Alai K

The Kenyan DJ and Sound Artist Alai K transforms the Hall of Columns of the Weltmuseum Wien into a powerful sound space and creates a spiritual soundscape for the ‘Cosmological Tales of Connection’ which Tabita Rezaire addresses in her current exhibition. With driving Mijikenda rhythms, flickering electronics and an evocative voice, he invites visitors on a sound journey that combines the rich sound heritage of the Swahili Coast with global club culture and spiritual storytelling. For Alai K, sound is a form of memory, of transmission and re-imagination of ancestral knowledge.

As a founding member of the legendary Kenyan hip hop collective ‘Ukoo Flani,’ Alai K first appeared on the underground scene in Mombasa, mixing Swahili lyrics with Hip Hop. Today, he plays at festivals such as ‘Sonic Pluriverse’ and ‘Durchlüften Festival’ in Berlin and releases his records a.o. on the buzzling scene label “Nyege Nyege Tapes” in Uganda. He was part of the Goethe Institute’s “Ten Cities” project and has collaborated with various African artists and labels, including “SISSO Records”, the founders of the Singeli sound in Dar es Salaam.
Alai K’s music is really a road map of his life, weaving together the musical influences that have surrounded him over the years: the spiritual music of the Bajuni, the traditional rhythms that surrounded him growing up around Mombasa in Kenya, the Swahili hip-hop scene, 21st-century dance floor Afro-house, electronica and techno of Kenya and Uganda and, these days, Berlin’s underground club scene. They all add up to the serious sonic and dance floor contender that is his new album Kila Mara, released on the always fascinating UK label, On the Corner Records.

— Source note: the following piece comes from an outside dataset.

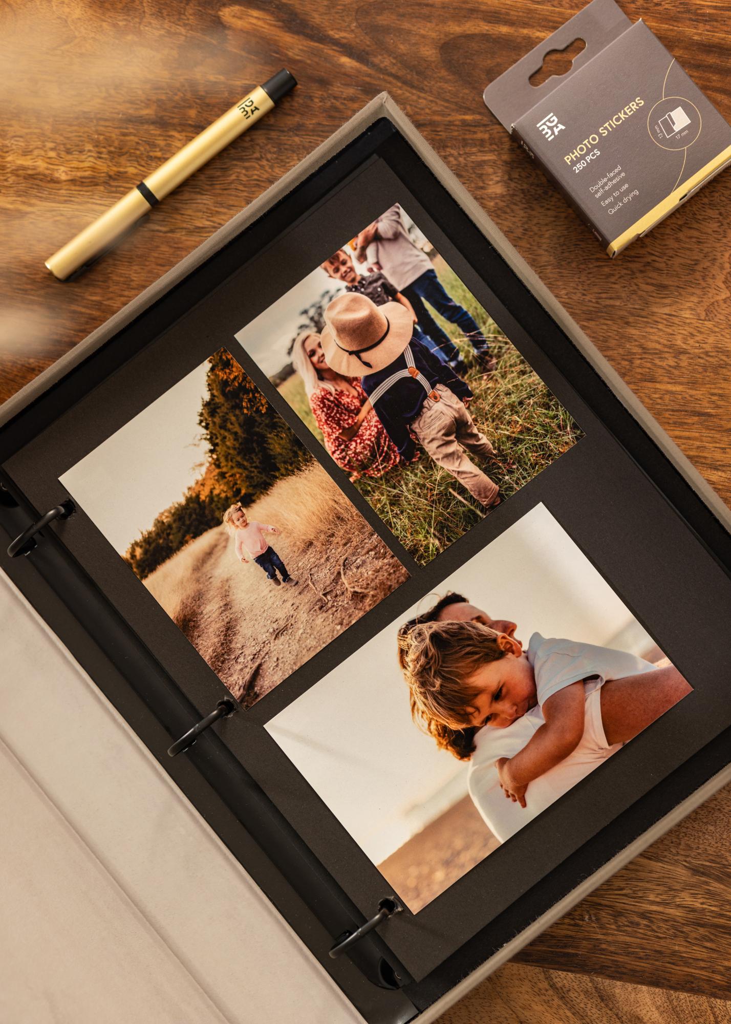 With this photo album you can store your fondest photo memories with style! The album is designed as a stylish Coffee Table Book for displaying on sideboards and tables in your home. Inside the album, you’ll find a ring binder with 60 black pages (30 sheets) that you can fill with your finest photographs. Since you stick your pictures into the album yourself, you can creatively combine images in different sizes and formats.

There was always music around him in Kenya. He tells me, “if you’re happy, if you’re sad, if someone is dead or there is a wedding… it’s all music bringing people together, removing stress.” When he was still in the womb, he would have heard the trance and spiritual music that his father played at weddings, funerals and other ceremonies, which his mother also attended. “I found that I was just into music, I didn’t look for it anywhere, I just found it inside me. And I said, OK, I want to make music. So, I was singing all the time when I was young… a different kind of music.” His mother told him of his great-grandmother, a Malawian singer and composer, and of his father, a professional drummer and leader of musicians at ceremonies, such as the week-long forest celebration of Alai’s birth, his first-born son. “My father and my great-grandmother passed it to me in a spiritual way, and I went to find that music and the people who played it.”